If you do not uncondItIonally agree to all of the terms of these Terms of ServIce, you wIll have no rIght to use the ServIces (and you should ImmedIately cease all such use). IF THESE TERMS ARE CONSIDERED AN OFFER, ACCEPTANCE IS EXPRESSLY LIMITED TO THESE TERMS TO THE EXCLUSION OF ALL OTHER TERMS.

This agreement is between HereApp, Inc., and the customer agreeing to this agreement (Customer).

  1. DELIVERY MANAGEMENT SERVICE. This agreement provides Customer with access to and usage of an Internet-based delivery management software service as specified on an order and the HereApp mobile applications (collectively, Service).
  2. USE OF SERVICE.
    1. Customer Owned Data. All data uploaded by Customer remains the property of Customer, as between HereApp and Customer (Customer Data). Customer allows HereApp the right to use the Customer Data only for purposes of performing under this agreement. During the term of this agreement, Customer may export or print reports regarding certain Customer Data as allowed by functionality within the Service.
    2. Contractors and Employee Access and Usage. Customer may allow its contractors (including without limitation, third party logistics companies) and employees to access the Service in compliance with the terms of this agreement, which access must be for the sole benefit of Customer. Customer is responsible for the compliance with this agreement by its contractors and its employees.
    3. Customer Responsibilities. Customer (i) will keep a secure password for his use of the Services and documentation and that each user will keep his password confidential; (ii) is solely responsible for Customer Data and all activity in its account in the Service; (iii) must use commercially reasonable efforts to prevent unauthorized access to its account, and notify HereApp promptly of any such unauthorized access; and (iv) may use the Service only in accordance with the Service’s User Guide and applicable law.
    4. Privacy. HereApp’s (PRIVACY POLICY) describes the privacy issues in using the Service and the mobile apps.
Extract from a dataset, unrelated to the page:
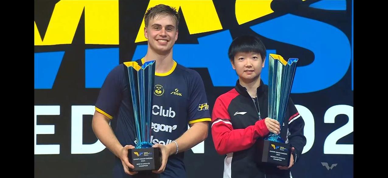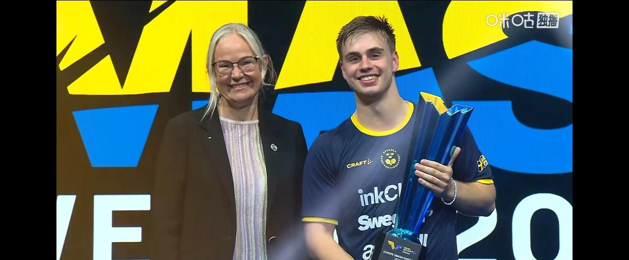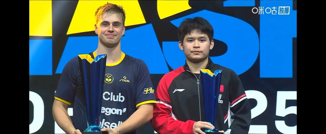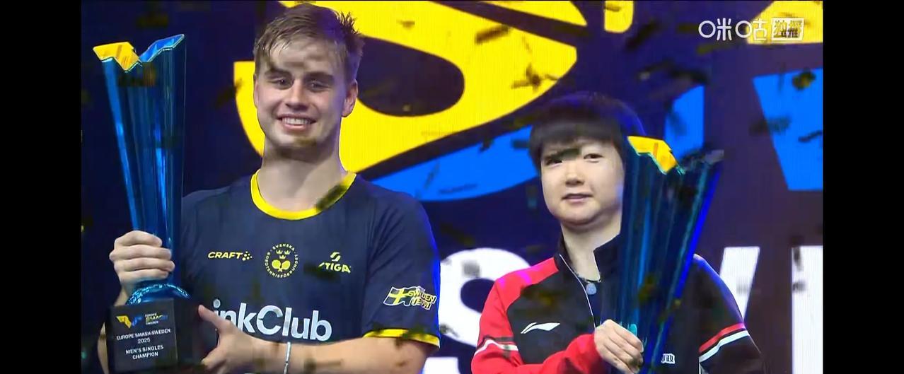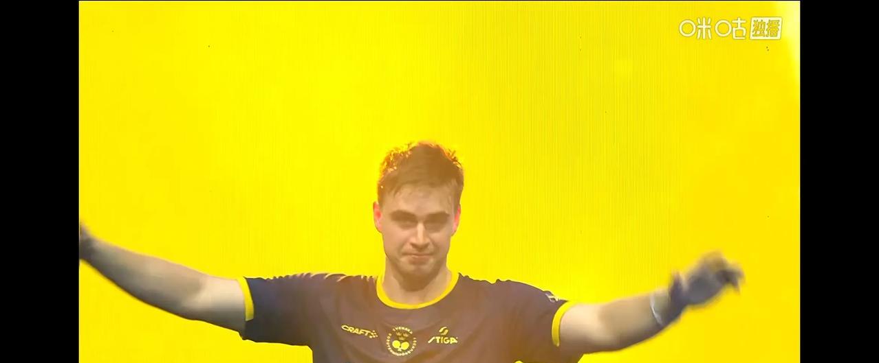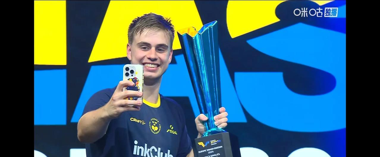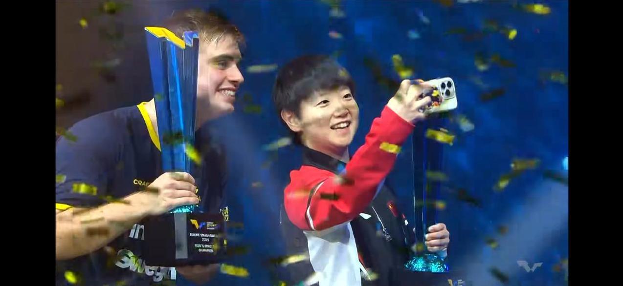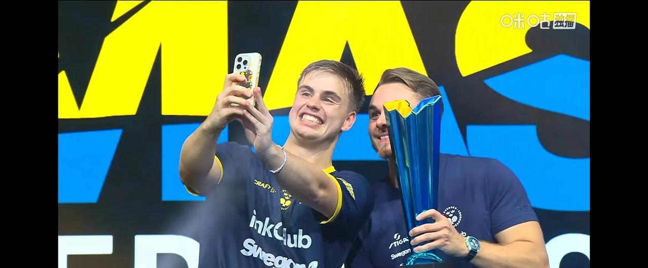 颁奖仪式。 瑞典大满贯男单冠军:瑞 典队莫雷加德。 亚军:中 国队,林诗栋。 小莫笑的很开心。 女单冠军莎莎上来一起合照时,莎莎主动微笑握了小莫的手。 小莫这个自拍太搞笑了。

Customer acknowledges and agrees to the terms of this Privacy Policy, and that it may be modified over time
    5. API. HereApp provides access to its application-programming interface (API) as part of the Service for no additional fee. Subject to the other terms of this agreement, HereApp grants Customer a non-exclusive, nontransferable, terminable license to interact only with the Service as allowed by the API.
      Customer may not use the API in a manner–as reasonably determined by HereApp–that exceeds reasonable request volume, constitutes excessive or abusive usage, or fails to comply with any part of the API. If any of these occur, HereApp can suspend or terminate Customer’s access to the API on a temporary or permanent basis.
      HereApp may change or remove existing endpoints or fields in API results upon at least 30 days notice to Customer, but HereApp will use commercially reasonable efforts to support the previous version of the API for at least 6 months. HereApp may add new endpoints or fields in API results without prior notice to Customer.
      The API is provided on an AS IS basis. HereApp has no liability to Customer as a result of any change, temporary unavailability, suspension, or termination of access to the API.

 

SERVICE LEVEL AGREEMENT & WARRANTY.

  1. Warranty. HereApp warrants to Customer: (i) that commercially reasonable efforts will be made to maintain the online availability of the Service for a minimum of availability in any given month (excluding maintenance outages, force majeure, and outages that result from any Customer technology issues or third party vendor issues); (ii) the functionality or features of the Service may change but will not materially decrease during any paid term; and (iii) that the Support may change but will not materially degrade during any term.
  2. LIMITED REMEDY. Customer’s exclusive remedy and HereApp’s sole obligation for its failure to meet the warranty in a(i) above will be for HereApp to provide a credit for the applicable month, as provided in the chart above (if this agreement is not renewed, then a refund), for the month; provided that Customer notifies HereApp of such breach within 30 days of the end of that month.
  3. DISCLAIMER. HEREAPP DISCLAIMS ALL OTHER WARRANTIES, INCLUDING, WITHOUT LIMITATION, THE IMPLIED WARRANTIES OF MERCHANTABILITY, TITLE AND FITNESS FOR A PARTICULAR PURPOSE. WHILE HEREAPP TAKES REASONABLE PHYSICAL, TECHNICAL AND ADMINISTRATIVE MEASURES TO SECURE THE SERVICE, HEREAPP DOES NOT GUARANTEE THAT THE SERVICE CANNOT BE COMPROMISED. CUSTOMER UNDERSTANDS THAT THE SERVICE MAY NOT BE ERROR FREE, AND USE MAY BE INTERRUPTED.
  4. PAYMENT. Customer must pay all fees as specified on the order, but if not specified then within 30 days of receipt of an invoice. No refunds of prepaid fees, unless otherwise provided in this agreement. Customer is responsible for the payment of all sales, use, withholding, VAT and other similar taxes. HereApp may elect to charge you interest at the rate of 1.5% per month (or the highest rate permitted by law, if less) on all late payments. This agreement contemplates one or more orders for the Service, which orders are governed by the terms of this agreement. Customer must provide current, complete and accurate billing and credit card information. Customer agrees to pay all costs of collection, including attorney’s fees and costs, on any outstanding balance. In certain instances, the issuer of Customer’s credit card may charge Customer a foreign transaction fee or related charges, which Customer will be responsible to pay.

 

MUTUAL CONFIDENTIALITY.

a.Definition of Confidential Information. Confidential Information means all non-public information disclosed by a party (Discloser) to the other party (Recipient), whether orally or in writing, that is designated as confidential or that reasonably should be understood to be confidential given the nature of the information and the circumstances of disclosure (Confidential Information). HereApp’s Confidential Information includes without limitation the Service (including without limitation the Service user interface design and layout, and non-public pricing information).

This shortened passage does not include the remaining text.